Function pointers can be used as formal parameters, and type aliases can be used to simplify formal parameters

// 第三个形参是函数类型，它会自动转换成指向函数的指针
void useBigger(const string &s1, const string &s2, bool pf(const string &, const string &));
// 等价声明，显示地将形参定义成指向函数的指针
void useBigger(const string &s1, const string &s2, book (*pf)(const string &, const string &));
// 自动将函数 lengthCompare 转换成指向该函数的指针
useBigger(s1, s2, lengthCompare);

Functions can return function pointers.
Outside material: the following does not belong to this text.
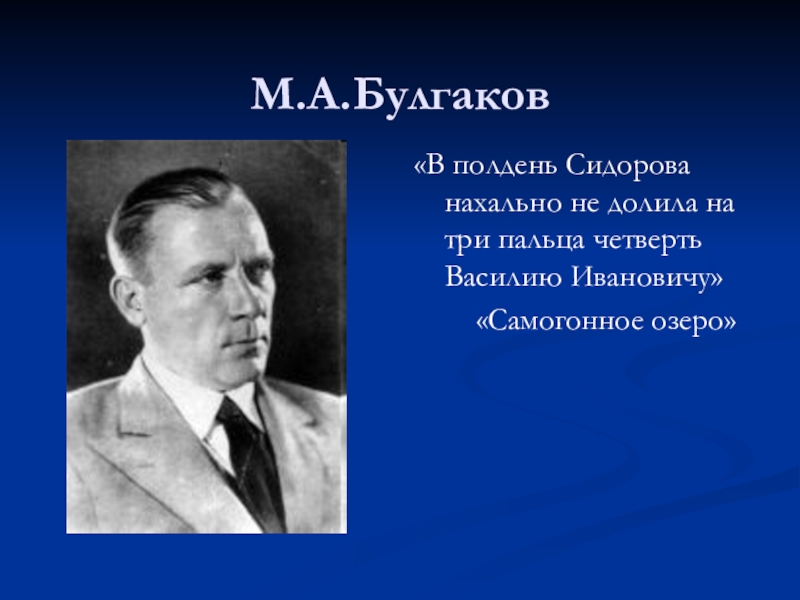М.А.Булгаков«В полдень Сидорова нахально не долила на три пальца четверть Василию Ивановичу»     «Самогонное

Unlike formal parameters, the compiler does not automatically convert the function return type to the corresponding pointer type.

using F = int(int *, int);  // F 是函数类型，不是指针
using PF = int(*)(int *, int);  // PF 是指针类型
PF f1(int);  // 正确：PF为函数指针，f1 返回函数指针
F f1(int);  // 错误：F是函数类型，f1不能返回一个函数
int (*f1(int))(int *, int);  // 等价于PF f1(int);
auto f1(int) -> int(*)(int *, int);  // 使用尾置返回类型方式声明返回函数指针的函数

Epilogue

Functions are named units of computation, each including a return type, a name, a (possibly empty) parameter list, and a function body
In C++, functions can be overloaded: the same sensitive sub can be used to define multiple functions, as long as the parameter quantities or parameter types are different.

The basic knowledge of functions has been understood, and the knowledge of functions will be further studied in the future.